FICTION

Postmodern Jaws

A monster that devours words and concepts is hunting for Eric Sanderson's mind.

Reviewed by Tyler Knox
Sunday, June 17, 2007; Page BW06

THE RAW SHARK TEXTS

By Steven Hall


Canongate. 428 pp. $24

The star of Steven Hall's rousingly inventive The Raw Shark Texts is its villain -- always a good sign in a thriller. Raymond Chandler famously said, "When in doubt, have a man come through a door with a gun in his hand." Hall one-ups Chandler by sending in a shark. But not just any shark, a conceptual shark called a Ludovician, which swims in a current of words and ideas and feeds on memory and sense of self. Every time the Ludovician makes an appearance, Hall's novel jolts to life.

Eric Sanderson gasps awake one day to find his memory missing. As Eric struggles to forge a bland and static life, a series of letters, apparently from his self before the memory loss, the so-called First Eric, warns him of the conceptual shark that, with a vengeance as unmotivated as Iago's, is determined to eat Eric's memory over and over. "Life is tenacious and determined," explains First Eric. "The streams, currents and rivers of human knowledge, experience and communication which have grown throughout our short history are now a vast, rich and bountiful environment. Why should we expect these flows to be sterile?"

Second Eric doesn't buy it until he spies the figure of a shark within the white noise of his television. In the first of a series of text pictures that make the book so engaging, Hall shows the Ludovician as it gets closer and closer until it is nothing but a great unblinking eye. And then it attacks.

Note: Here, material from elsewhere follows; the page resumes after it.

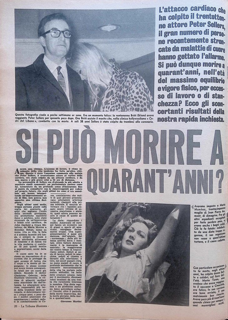 L'attacco cardiaco ha colpito il trentottenne attore Peter Sellers e altri attori che sono sfortunatamente morto giovani come Robert Walker, Gail Russel e Brendan Behan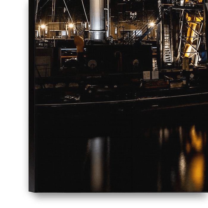 Night photograph of the sand dredger in the harbour with the coloured flats in the background and the illuminated Erasmus Bridge in the distance.

It isn't long before Eric is on the run, dodging the memory eater and searching for the strange Dr. Fidorous, who might just be able to get the damn shark off his tail. At this point the novel takes on the cloak of your typical thriller: a man on the run, aided by a great-looking waif with a killer smile and a bomb in her pocket. Oh, yeah, and there's a cat. Employing Second Eric's point of view, the main narrative voice is not especially compelling. If the author's goal was to show how integral recollections are to personality, he succeeded. More compelling are the journals written by First Eric, the raw texts of the title, that give glimpses of Eric's romance with Clio, the love of his life, who was killed in a tragic accident off the coast of Greece.

Hall, an artist and first-time novelist from Derbyshire, England, is exploring questions of memory and grief here -- how memory deals as much with the future as with the past, how grief can cause memory to freeze, or even seize up -- and he does so rather deftly. But his real achievement is to create a bizarre and sinister world where language and ideas exist like a stream of nutrients, spawning predators and parasites, such as the one that slips one night from a malevolent letter into Eric's body. "It was small -- maybe nine inches, maybe the length of a worry that doesn't quite wake you in your sleep. . . . The creature had a round sucker-like mouth lined with dozens of sharp little doubts and inadequacies."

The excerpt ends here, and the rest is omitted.